Bonus: Speeding up our model with batched inference

TK - split this into another notebook

Right now our model only inferences on one sample at a time but as is the case with many machine learning models, we could perform inference on multiple samples (also referred to as a batch) to significantly improve throughout.

In batched inference mode, your model performs predictions on X number of samples at once, this can dramatically improve sample throughput.

The number of samples you can predict on at once will depend on a few factors:

  • The size of your model (e.g. if your model is quite large, it may only be able to predict on 1 sample at time)
  • The size of your compute VRAM (e.g. if your compute VRAM is already saturated, add multiple samples at a time may result in errors)
  • The size of your samples (if one of your samples is 100x the size of others, this may cause errors with batched inference)
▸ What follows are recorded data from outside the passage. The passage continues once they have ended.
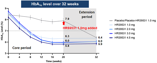 研究包括20周的核心治疗期和12周的延伸治疗期。主要终点是第20周时HbA1c较基线的变化。在延伸治疗期间,HRS9531各组的剂量保持不变,而安慰剂组则增加HRS9531注射液1 mg每周一次给药(安慰剂-HRS9531 1 mg/w组)。主要终点的结果已经在2024年欧洲糖尿病研究协会年会(EASD)公布[3],本次报告主要聚焦延伸期治疗32周后的有效性和安全性。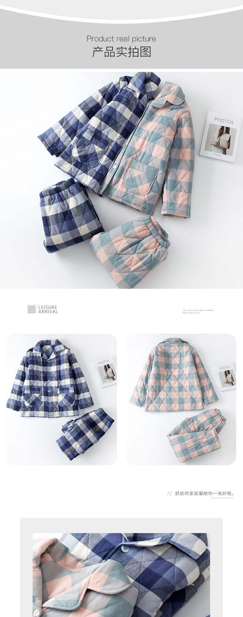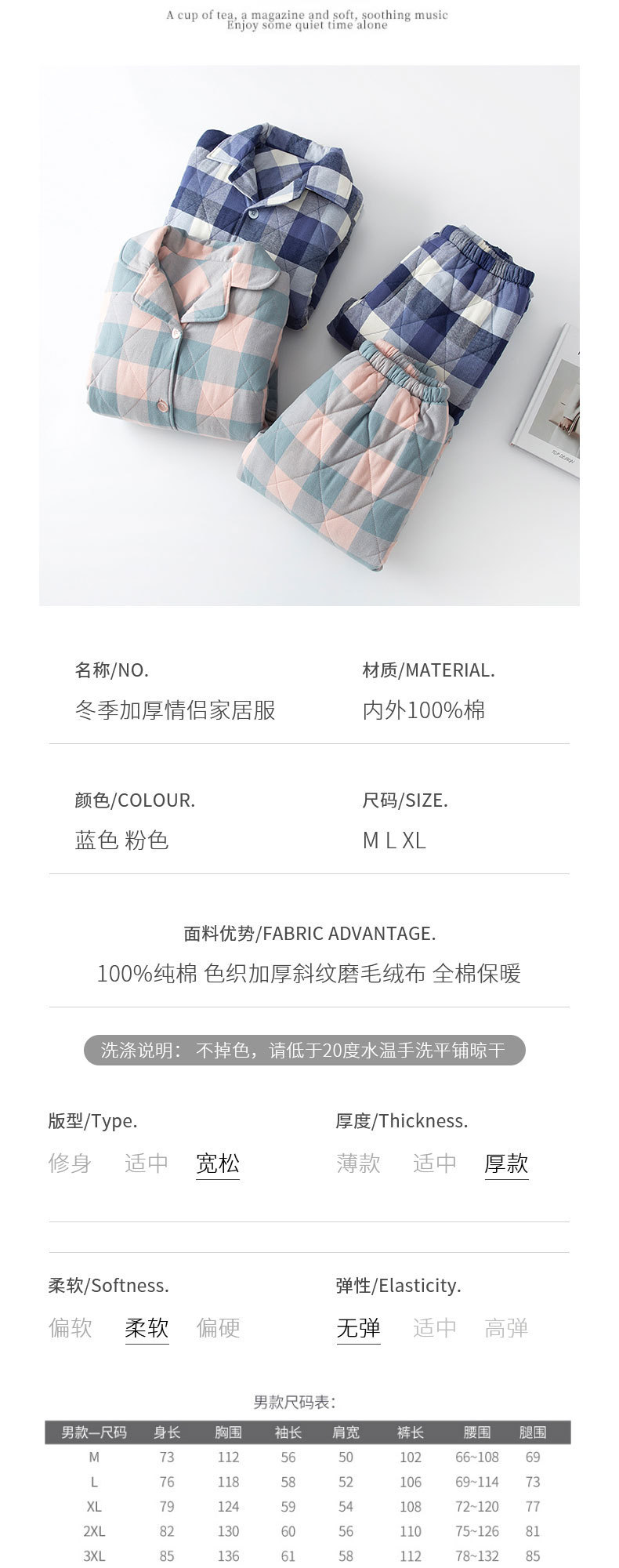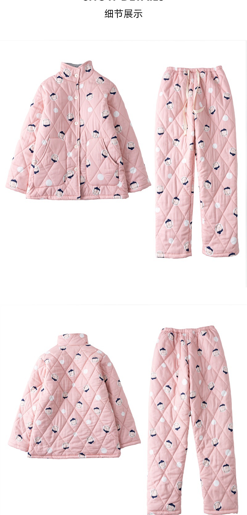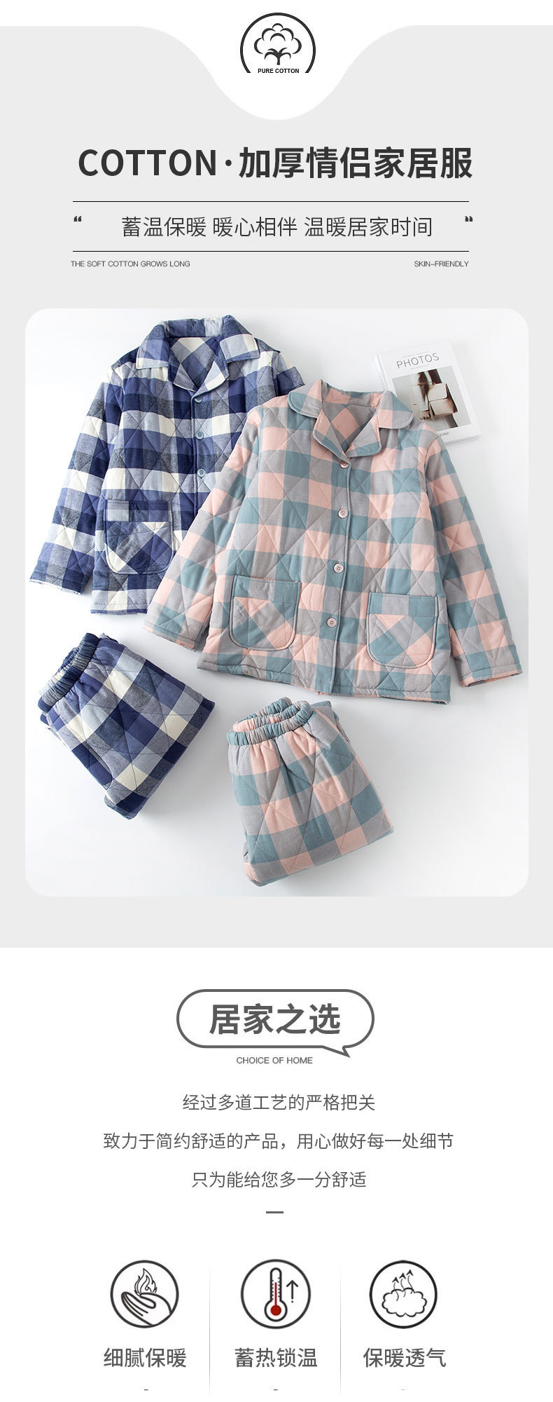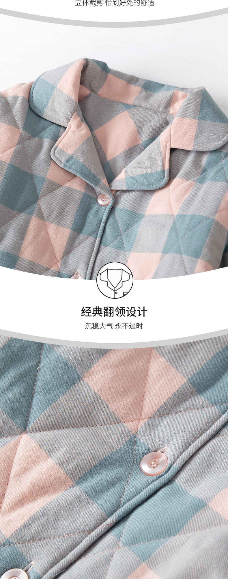 三层夹棉muji睡衣秋冬季无印全棉加厚情侣男女纯棉保暖家居服套装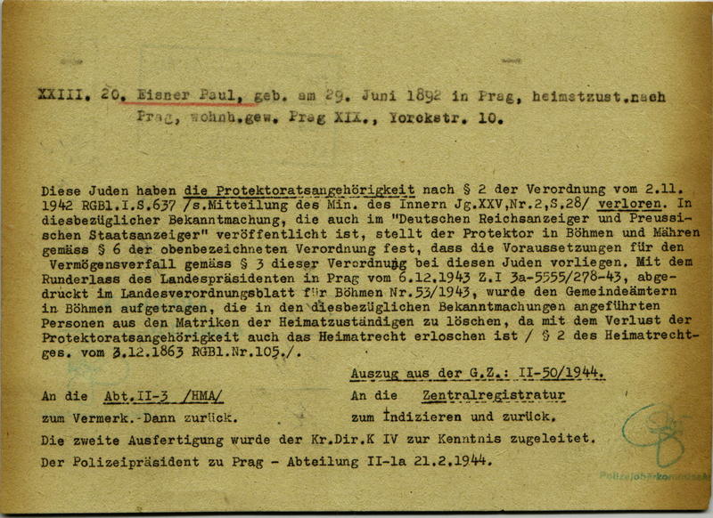Eisner Paul: Ztráta protektorátní příslušnosti
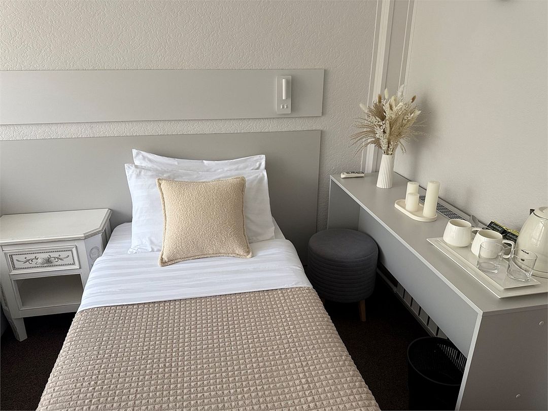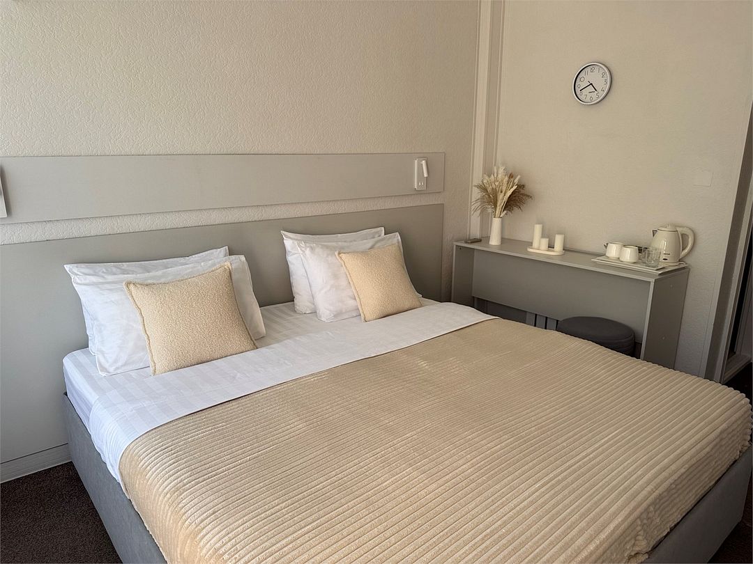 Отличный выбор для тех, кто ценит практичность и удобство. В номере: двуспальная кровать или две односпальные кровати , телевизор, холодильник, фен, чайный набор, а также ванная комната с душем. Спокойная цветовая гамма и ненавязчивый интерьер создают приятную атмосферу для отдыха и восстановления.Услуги и удобства

To find an optimal batch size for our setup, we can run an experiment:

  • Loop through different batch sizes and measure the throughput for each batch size.
    • Why do we do this?
      • It’s hard to tell the ideal batch size ahead of time.
      • So we experiment from say 1, 2, 4, 8, 16, 32, 64 batch sizes and see which performs best.
      • Just because we may get a speed up from using batch size 8, doesn’t mean 64 will be better.
from datasets import load_dataset

dataset = load_dataset("mrdbourke/FoodExtract-1k")

print(f"[INFO] Number of samples in the dataset: {len(dataset['train'])}")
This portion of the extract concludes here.